• Directions for this task: Skip pictures in the listing below; copy exactly the lines from the one with "八年级各班级篮球队员在为期九" through the one with "Nima in Namche", inclusive.
*** Given data
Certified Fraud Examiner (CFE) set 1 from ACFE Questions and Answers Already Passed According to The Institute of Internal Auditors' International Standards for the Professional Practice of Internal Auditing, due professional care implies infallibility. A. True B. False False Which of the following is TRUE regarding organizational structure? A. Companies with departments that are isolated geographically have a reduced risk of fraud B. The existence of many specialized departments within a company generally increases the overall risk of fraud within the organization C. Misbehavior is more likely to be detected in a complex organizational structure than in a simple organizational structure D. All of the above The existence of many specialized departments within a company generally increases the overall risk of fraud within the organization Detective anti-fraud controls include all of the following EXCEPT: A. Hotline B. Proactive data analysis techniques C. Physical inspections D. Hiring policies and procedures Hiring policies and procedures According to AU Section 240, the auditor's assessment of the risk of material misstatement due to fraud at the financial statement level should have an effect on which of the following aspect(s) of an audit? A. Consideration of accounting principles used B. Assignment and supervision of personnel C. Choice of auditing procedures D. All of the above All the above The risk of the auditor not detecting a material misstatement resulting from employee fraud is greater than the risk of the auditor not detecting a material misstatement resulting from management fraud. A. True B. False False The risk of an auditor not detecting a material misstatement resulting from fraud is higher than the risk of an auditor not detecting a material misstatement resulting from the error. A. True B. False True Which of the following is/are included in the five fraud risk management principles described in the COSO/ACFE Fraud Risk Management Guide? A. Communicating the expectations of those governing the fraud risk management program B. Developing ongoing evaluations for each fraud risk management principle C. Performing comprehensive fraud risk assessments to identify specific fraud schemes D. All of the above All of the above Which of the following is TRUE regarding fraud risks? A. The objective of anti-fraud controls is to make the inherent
******
*** Given data
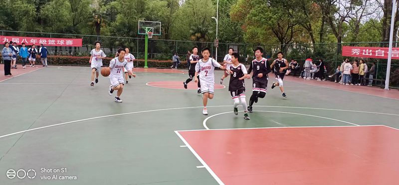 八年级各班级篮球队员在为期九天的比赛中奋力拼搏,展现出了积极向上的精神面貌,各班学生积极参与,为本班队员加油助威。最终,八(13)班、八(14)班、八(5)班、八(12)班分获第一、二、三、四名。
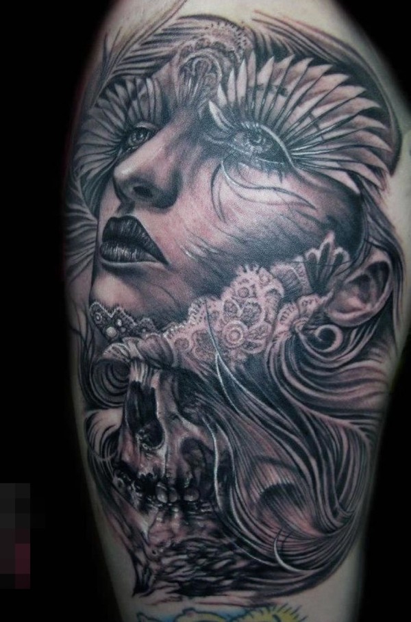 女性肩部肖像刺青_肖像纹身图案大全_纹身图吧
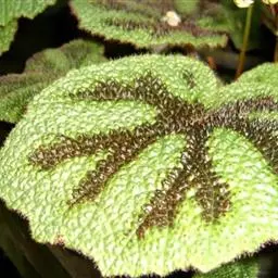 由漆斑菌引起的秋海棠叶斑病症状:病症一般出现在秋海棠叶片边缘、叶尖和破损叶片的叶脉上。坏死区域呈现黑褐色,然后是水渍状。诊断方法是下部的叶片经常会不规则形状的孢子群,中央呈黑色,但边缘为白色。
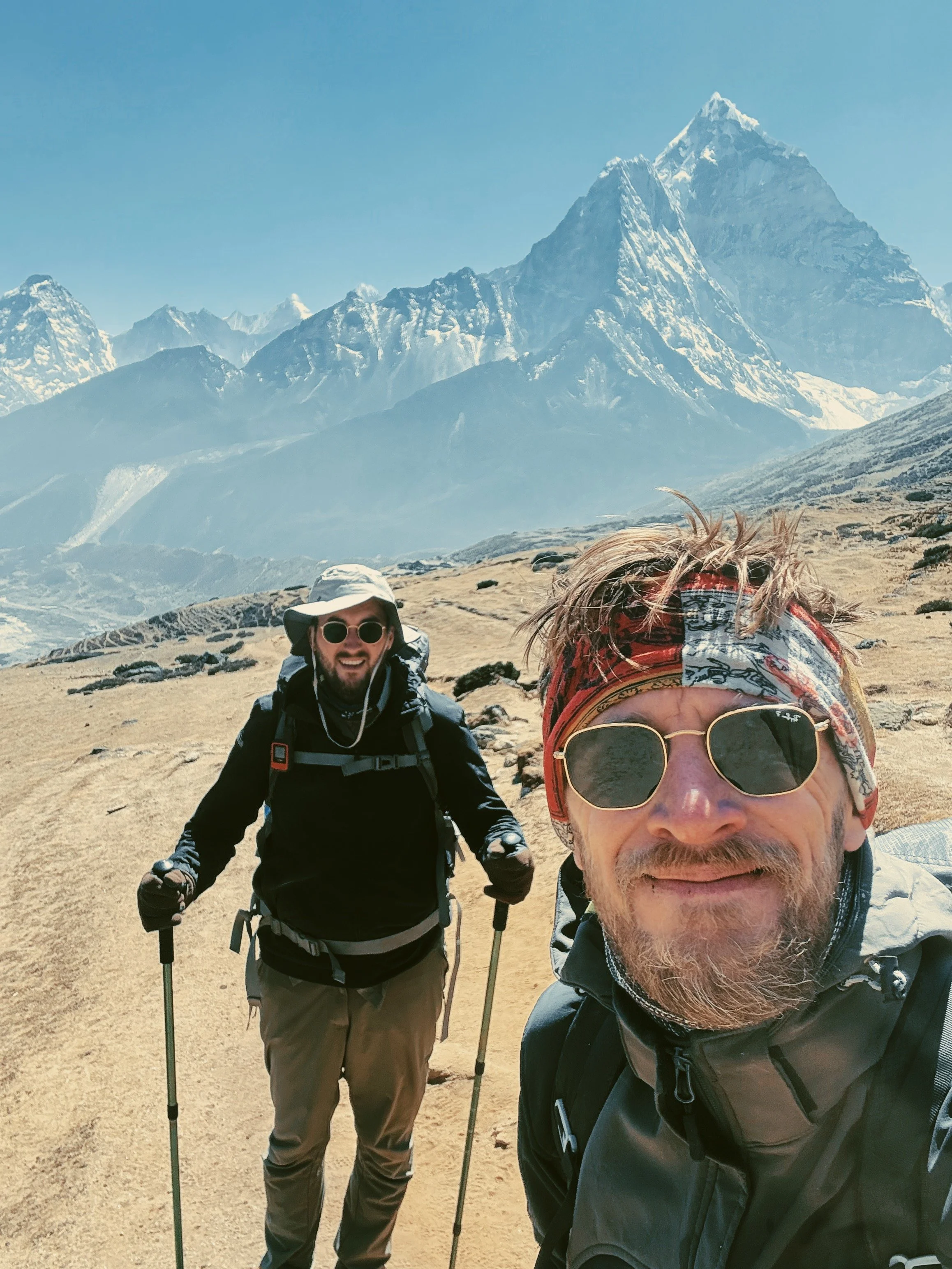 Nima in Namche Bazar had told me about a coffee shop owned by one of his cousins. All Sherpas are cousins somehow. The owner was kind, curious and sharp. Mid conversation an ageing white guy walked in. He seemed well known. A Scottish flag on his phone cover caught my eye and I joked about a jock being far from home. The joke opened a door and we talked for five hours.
******
*** Given data
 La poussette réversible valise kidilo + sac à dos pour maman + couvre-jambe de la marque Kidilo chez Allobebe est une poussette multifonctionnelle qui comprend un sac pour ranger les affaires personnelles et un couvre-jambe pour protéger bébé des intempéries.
******
• Expected answer:
 八年级各班级篮球队员在为期九天的比赛中奋力拼搏,展现出了积极向上的精神面貌,各班学生积极参与,为本班队员加油助威。最终,八(13)班、八(14)班、八(5)班、八(12)班分获第一、二、三、四名。
 女性肩部肖像刺青_肖像纹身图案大全_纹身图吧
 由漆斑菌引起的秋海棠叶斑病症状:病症一般出现在秋海棠叶片边缘、叶尖和破损叶片的叶脉上。坏死区域呈现黑褐色,然后是水渍状。诊断方法是下部的叶片经常会不规则形状的孢子群,中央呈黑色,但边缘为白色。
 Nima in Namche Bazar had told me about a coffee shop owned by one of his cousins. All Sherpas are cousins somehow. The owner was kind, curious and sharp. Mid conversation an ageing white guy walked in. He seemed well known. A Scottish flag on his phone cover caught my eye and I joked about a jock being far from home. The joke opened a door and we talked for five hours.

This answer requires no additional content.